The Trades Union Congress (TUC) has proposed reduction in electricity and water tariffs by 15 per cent and 12 per cent respectively.
TUC, which made an input to the 2019 Budget to be presented to Parliament in Accra today, said: “We strongly believe that a further reduction in tariffs will stimulate economic growth that could lead to increased job creation.”
“We expect the price of fuel and natural gas to go down and inflation is also expected to decline to a single digit as the value of the Ghana cedi is also expected to be stable.”
According to TUC, there were still inefficiencies in the utility sector, which were being passed on to consumers.
“We expect PURC to provide consumers with its regulatory benchmarks for efficiency to convince us that the operational costs of utility companies are in line with the standards of best practice.”
Excess Capacity of IPPs
In its previous submission, the TUC raised issues about the excess capacity of the Independent Power Producers (IPPs).
It said the consumer should not be burdened with the payment for excess capacity.
“It is very unfair to pass on the cost of excess capacity to consumers, especially working people, whose wages and salaries do not match the rate of increase of electricity tariffs.
“Government has promised to review the Power Purchase Agreements (PPAs). But we are not aware of any practical steps toward the review of the PPAs, most of which were signed under emergency conditions that can hardly pass the transparency and ‘value for money’ tests. Consumers, especially working people, should not be forced to pay for the cost of electricity that result from bad policies in the power sector.”
Lifeline and Cross Subsidies
Indicating its knowledge of a tariff study conducted by Fitchner Management Consulting, which was funded by the Millennium Challenge Cooperation and Millennium Development Authority, it said the main recommendation of the study was that the four consumption blocks of the residential customers should be reduced to two consumption blocks of 0-50kWh and 51kWh+.

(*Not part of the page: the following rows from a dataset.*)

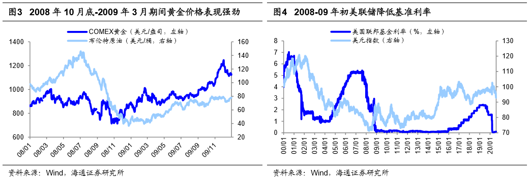 第二,货币属性。黄金作为名贵金属,自古以来天然具有货币属性,虽然目前黄金已退出流通流域,但是在各国国际储备中黄金依然是重要的储备资产。当前黄金以美元计价,当美元流动性宽松或者美元贬值时,黄金价格趋向上涨,反之亦然。典型代表时期是2008年10月至2009年3月,当时COMEX黄金价格率先企稳,最大涨幅为42%,其他大宗商品持续下跌至08年12月,此后才开始反弹,布伦特原油最大涨幅为46%,LME铜为45%,LME铝为41%。当时黄金价格上涨的背景是2007年初美国已经陆续出现金融机构住房按揭业务的巨额亏损和金融机构倒闭,2008年7月“两房”濒临倒闭和9月雷曼破产将次贷危机爆发推向高潮,流动性紧张引发了全球风险资产的系统性风险。危机初期美国经济对冲政策囿于道德风险推进缓慢,这使得美国次贷危机演变升级为全球金融危机。为缓解市场流动性压力,美联储救市方案将基准利率降至0-0.25%区间并使用总计8000亿美元直接购买国债和向金融市场的特定领域注入流动性。当时美元也迅速贬值,美元指数从08年10月阶段性高点87点迅速降至08年12月低点78点,累计跌幅达到9.9%。在全球宽松流动性和美元贬值背景下,以美元为计价单位的黄金价格开始上涨。
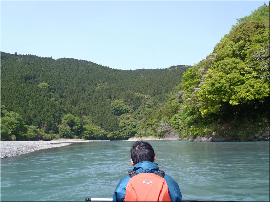 快晴の青空の下、新緑の渓谷を下るのは本当に最高です(^^)。しかもこの辺りはまだほぼ無風でしたので。
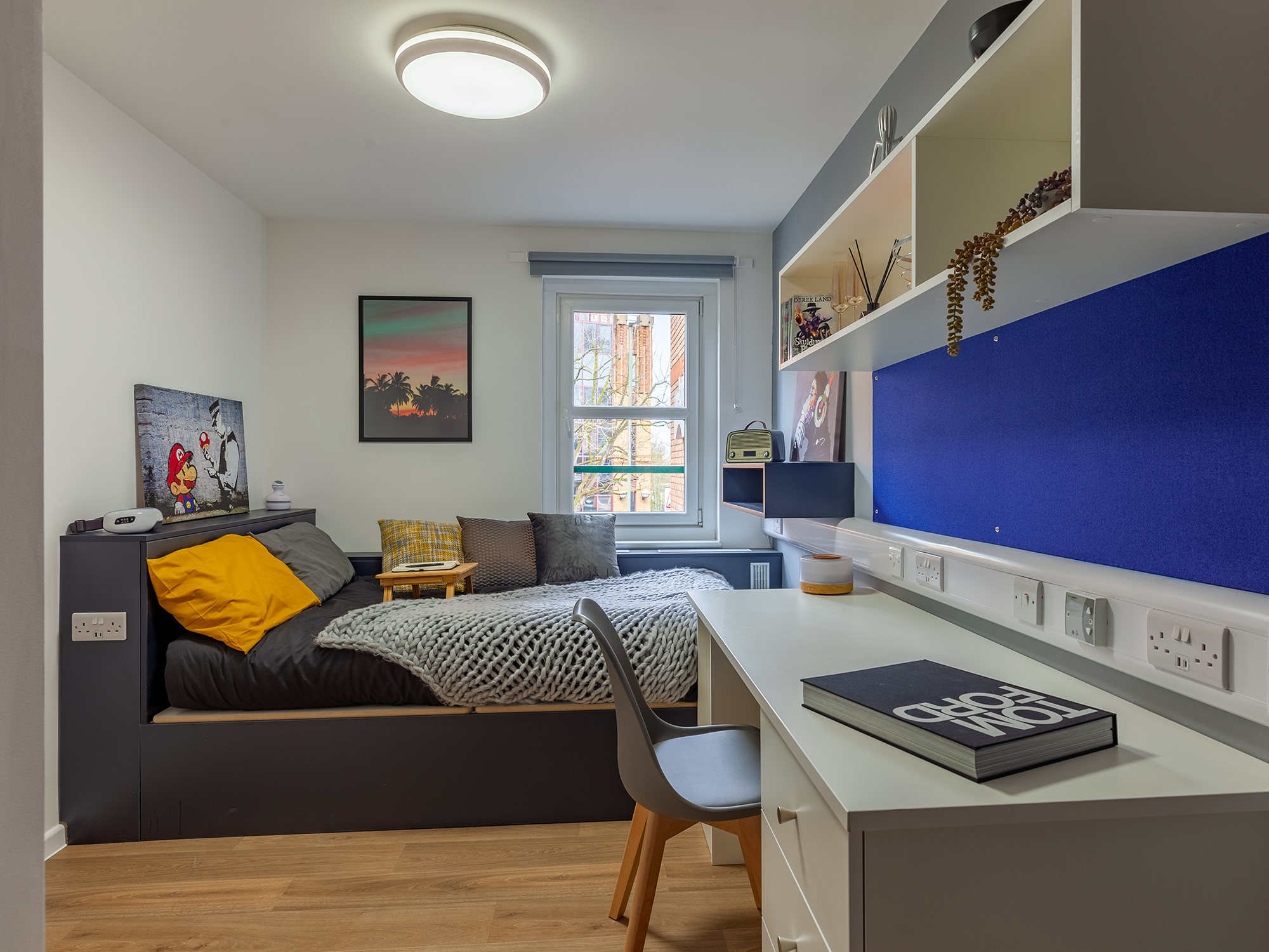 Our Deluxe En-Suite measuring 16sqm is the perfect choice. As the largest of our en-suite rooms, you’ll have a much larger bathroom, as well as a comfortable small double bed and a desk area for those all-important study sessions. When it’s time to socialise, there are plenty of fantastic communal spaces to head to including our fully soundproof music room, a cinema room, communal lounge and gaming room. Book now for the next academic year!
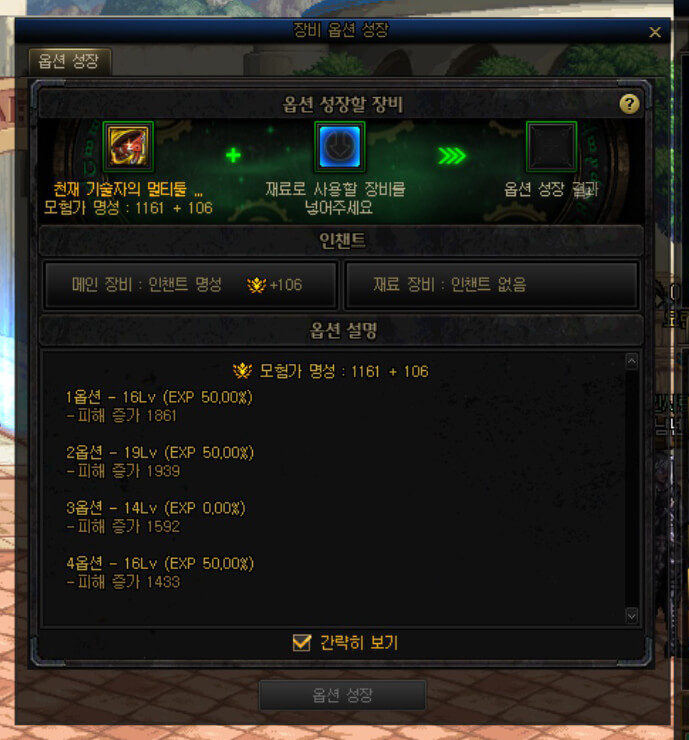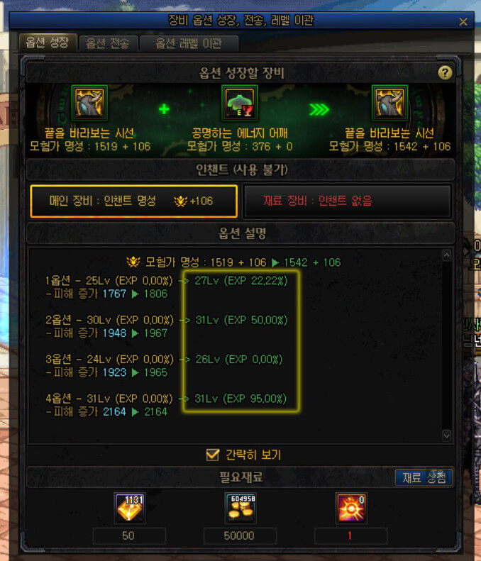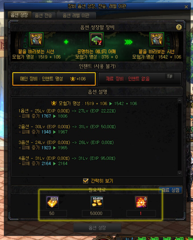 지금 이벤트를 많이 해서, 위와 같이 '1회용 장비 옵션 레벨 성장권'을 많이 주는 편입니다. 이를 이용하면 필요한 재료를 사용하지 않고 옵션 성장을 할 수 있습니다.

“A review of the tariff structure to levels that can be considered “cost reflective,” as recommended by the Fitchner Report, can lead to over 400 per cent increase in tariffs for small residential customers from GH¢0.39 /kWh to GH¢1.97 /kWh, as a result of the removal of cross-subsidies.
“We would like to advise PURC to ignore this recommendation because if tariffs are increased to such levels it could lead to social unrest.”
ECG Concession
Touching on the ECG concession, it said government, Power Distribution Services of Ghana Limited and ECG had signed transaction agreements, which have been ratified by Parliament.
“The status of ECG as an electricity distribution company would, therefore, change to asset owner and a bulk energy trader from 1st February 2019. Consumers are yet to be informed of the effects of such major policy change in the electricity distribution on electricity tariff. We urge PURC to ensure that this arrangement will not lead to higher tariffs.”
Befesa Desalination Plant
The Befesa Desalination plant, which was commissioned in 2015 on the basis of a Build, Own, Operate, Transfer (BOOT) Water Purchase Agreement between the Ghana Water Company Limited and Befesa Desalination Development Ghana Limited, has become a big financial drain on Ghana Water Company Limited (GWCL).
According to TUC, the plant cost GWCL $1.42 million every month in capacity charge alone and “the cost of operating the Befesa Desalination Plant must not be passed on to consumers.”